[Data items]

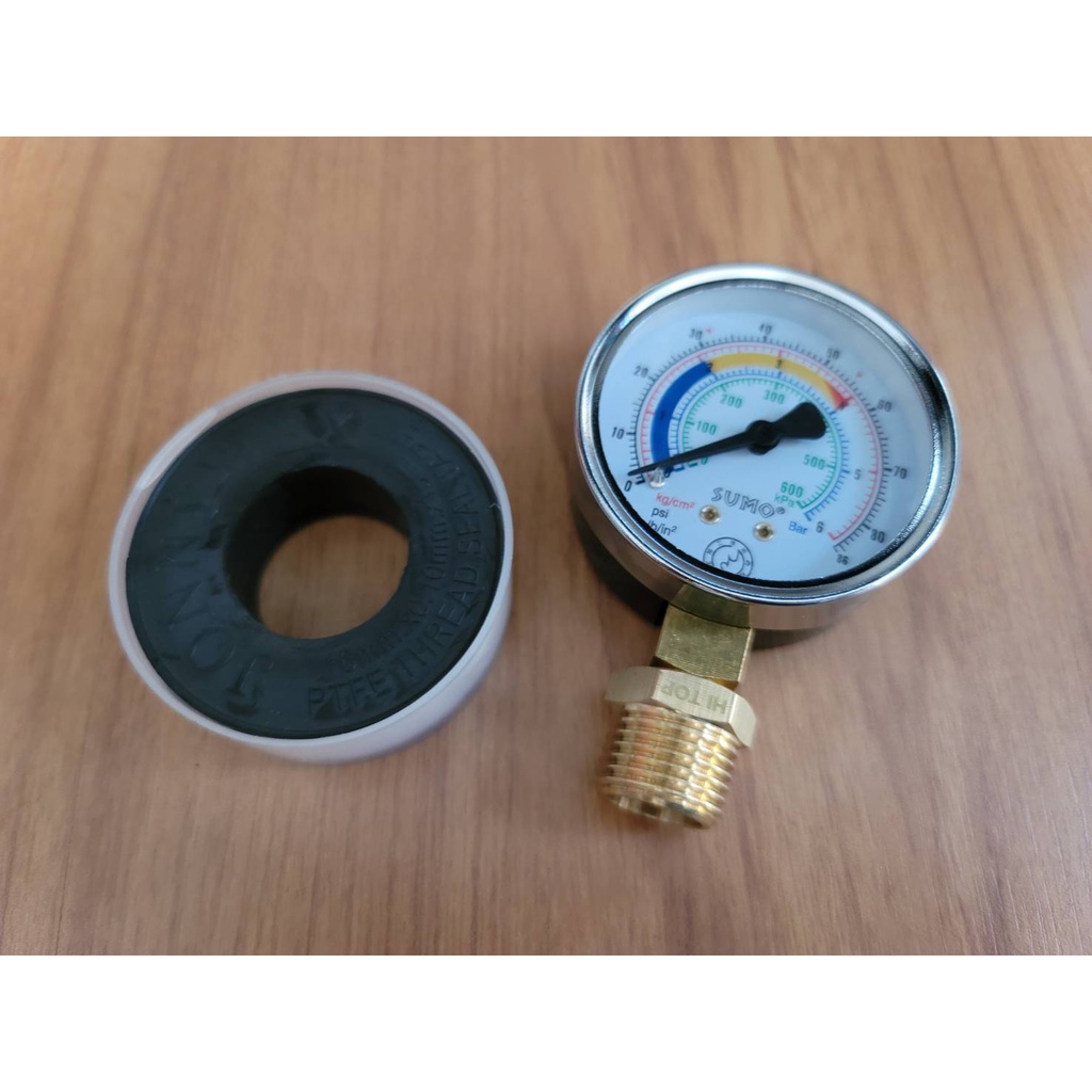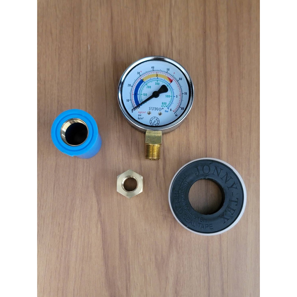 ชุดเกจวัดแรงดัน 6 บาร์ ระบบน้ำ / ปั้มน้ำ ครบชุด (เกลียวทองเหลือง) ขนาดท่อ 1/2" (4หุน)
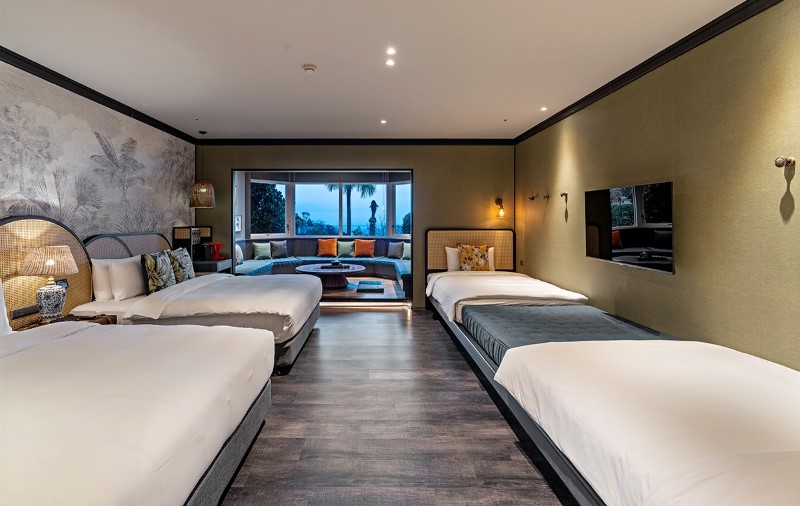 熱帶森林的設計調性,旅客可發懶賴在南洋風藤編的座椅上,縱享自然風情;走出房外獨享私有的露台,享受自有的山居時光。
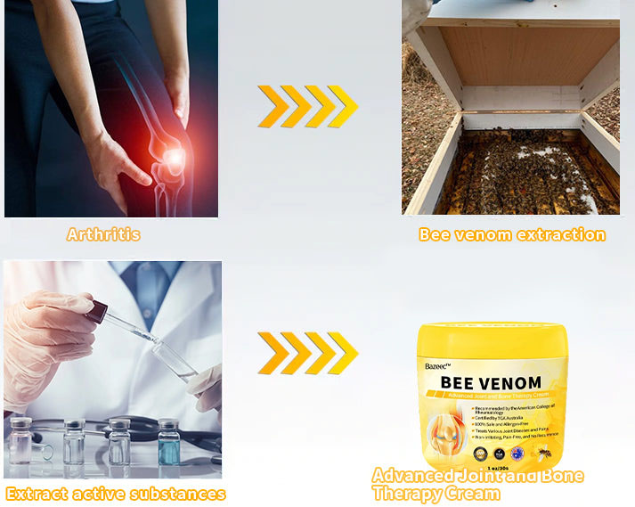 Bee Venom Advanced Joint and Bone Therapy Cream contains six proven, powerful ingredients that have been used to effectively treat arthritis and bone-related conditions in millions of people around the world.
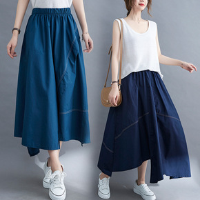 2021秋季新款不规则中长裙宽松文艺百搭可两面穿大...
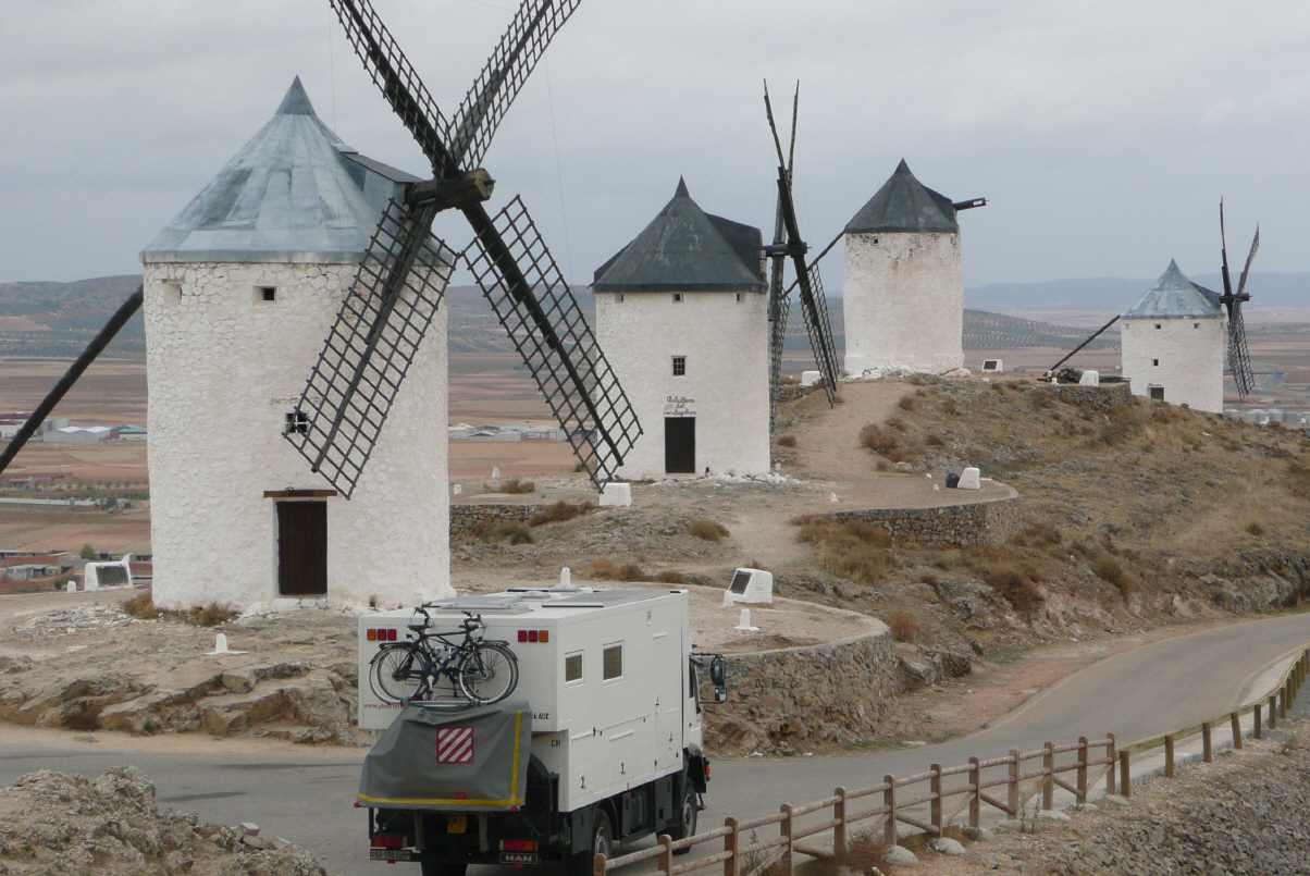 Fahren ein kurzes Stück bis zur schönen alten Brücke über den Rio Dajo, wo es zu dieser frühen Stunde noch Busparkplätze hat. Bummeln noch einmal durch Toledo, kaufen einen ganzen Jamon in einem kleinen Laden, wo wir uns die Unterschiede erklären lassen. Die Preisspanne geht von 8 bis 60 Euro pro Kilo. Der teuerste Jamon ist von Schweinen, die im Freien leben und nur Eicheln fressen. Dann weiter über die 400 nach Consuegra. Hier stehen zehn alte Windmühlen neben einer Burg. Die Gegend hier heisst ‚la Mancha‘. Die Windmühlen sind sehr bekannt aus dem Roman ‚Don Quijote'. Es ist inzwischen regnerisch, windig und kalt. Treffen eine junge Kochstudentin aus Chicago, welche allen Kochzutaten nachreist. Dadurch erfahren wir, dass es hier Safran gibt. Der Safran wird Ende Oktober/Anfang November bei schönem Wetter gepflückt. Im Dorf unten möchten wir Safran einkaufen, aber die wenigen Läden sind geschlossen. Wir wollten auf dem obersten Parkplatz bei den Windmühlen übernachten. Daraus wird aber nichts, denn es beginnt heftig zu stürmen und der Camper schüttelt so richtig. Fahren ins Dorf herunter an einen geschützten Ort. Inzwischen hat auch heftiger Regen eingesetzt. Wir wechseln die Bettwäsche. Aber ohalätz, die verpackte ‚frisch gewaschene‘ Bettwäsche mieft – wir hatten in letzter Zeit immer wieder das gleiche Set neu angezogen. So wechseln wir eben nochmals. Wie sagt doch Kaspar immer wieder so schön: ‚es schmökt nach Heimat.‘

** EXERCISE **
Keep the pictures out and write out the records exactly.

** RESPONSE AREA **
 ชุดเกจวัดแรงดัน 6 บาร์ ระบบน้ำ / ปั้มน้ำ ครบชุด (เกลียวทองเหลือง) ขนาดท่อ 1/2" (4หุน)
 熱帶森林的設計調性,旅客可發懶賴在南洋風藤編的座椅上,縱享自然風情;走出房外獨享私有的露台,享受自有的山居時光。
 Bee Venom Advanced Joint and Bone Therapy Cream contains six proven, powerful ingredients that have been used to effectively treat arthritis and bone-related conditions in millions of people around the world.
 2021秋季新款不规则中长裙宽松文艺百搭可两面穿大...
 Fahren ein kurzes Stück bis zur schönen alten Brücke über den Rio Dajo, wo es zu dieser frühen Stunde noch Busparkplätze hat. Bummeln noch einmal durch Toledo, kaufen einen ganzen Jamon in einem kleinen Laden, wo wir uns die Unterschiede erklären lassen. Die Preisspanne geht von 8 bis 60 Euro pro Kilo. Der teuerste Jamon ist von Schweinen, die im Freien leben und nur Eicheln fressen. Dann weiter über die 400 nach Consuegra. Hier stehen zehn alte Windmühlen neben einer Burg. Die Gegend hier heisst ‚la Mancha‘. Die Windmühlen sind sehr bekannt aus dem Roman ‚Don Quijote'. Es ist inzwischen regnerisch, windig und kalt. Treffen eine junge Kochstudentin aus Chicago, welche allen Kochzutaten nachreist. Dadurch erfahren wir, dass es hier Safran gibt. Der Safran wird Ende Oktober/Anfang November bei schönem Wetter gepflückt. Im Dorf unten möchten wir Safran einkaufen, aber die wenigen Läden sind geschlossen. Wir wollten auf dem obersten Parkplatz bei den Windmühlen übernachten. Daraus wird aber nichts, denn es beginnt heftig zu stürmen und der Camper schüttelt so richtig. Fahren ins Dorf herunter an einen geschützten Ort. Inzwischen hat auch heftiger Regen eingesetzt. Wir wechseln die Bettwäsche. Aber ohalätz, die verpackte ‚frisch gewaschene‘ Bettwäsche mieft – wir hatten in letzter Zeit immer wieder das gleiche Set neu angezogen. So wechseln wir eben nochmals. Wie sagt doch Kaspar immer wieder so schön: ‚es schmökt nach Heimat.‘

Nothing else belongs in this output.